SINGAPORE—Comac stole the show on the opening day of this year’s Singapore Airshow with its aircraft displays and first-ever order signing at an overseas event, for more than 50 C919 and ARJ21 airliners. But the Chinese aircraft manufacturer remains years away from becoming a serious challenger to Boeing or Airbus, maintains the leader of the U.S. aerospace industry’s trade association.
“There is always something new and shiny at an air show,” Aerospace Industries Association (AIA) President and CEO Eric Fanning tells Aviation Week. “It doesn’t change my view of the duopoly in the world, and it won’t for a very long time. It’s one thing to have a plane here and take orders, but it’s another to be able to build and export at scale.”

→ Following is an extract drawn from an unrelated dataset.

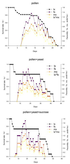 In all three treatment groups, the value of exj decreased (Figure 3). For the pollen group, the pollen + yeast group, and the pollen + yeast + sucrose group, the maximum mean lifetime values were 19.05, 28.13, and 31.88 days, respectively.

The impressive view out of the back windows of AIA’s air show chalet is filled with aircraft on the static display, including multiple C919s and ARJ21s. Starkly absent, though, are any commercial aircraft from Boeing, which decided to sit out the display this year as it seeks to fix its 737 MAX program.
Fanning cautions not to read too much into those optics. “I think we should take China’s goals seriously,” he says. “But they are seeing how difficult that technology is to create and maintain. I would still stack American products up against Chinese products in a very favorable way for us.”
Fanning, who was U.S. Secretary of the Army under President Barack Obama, notes that competition with China at Singapore Airshow also extends to the military realm. His two overarching objectives here are to promote American aerospace products and strengthen partnerships between the U.S. and nations in the Asia-Pacific.
“One of the things we’re focused on in Asia is this sense that China is pacing us” militarily, Fanning adds. “We have this incredible advantage they don’t have, these partnerships and alliances, and we ought to be leaning into those because it’s a force multiplier for us.”
A key aspect of those partnerships is U.S.-made military products. “If you buy American hardware, you’re going to have it for a long time,” he says.
One of the AIA chief’s efforts back in Washington is to facilitate more of those sales by simplifying and speeding up the cumbersome Foreign Military Sales process without compromising sensitive technologies. “When we have clear partners and allies whose values are aligned with us, we shouldn’t make it so difficult for them to buy from us,” Fanning says. “There are other places they can turn.”
He also expressed confidence in ongoing American support for security in the Asia-Pacific despite U.S. political turmoil that is holding up aid to Ukraine and threatening to undermine the NATO alliance in Europe. “I don’t see that in this region,” he says. “The commitment of the United States to Asia is pretty strong. This air show highlights it.”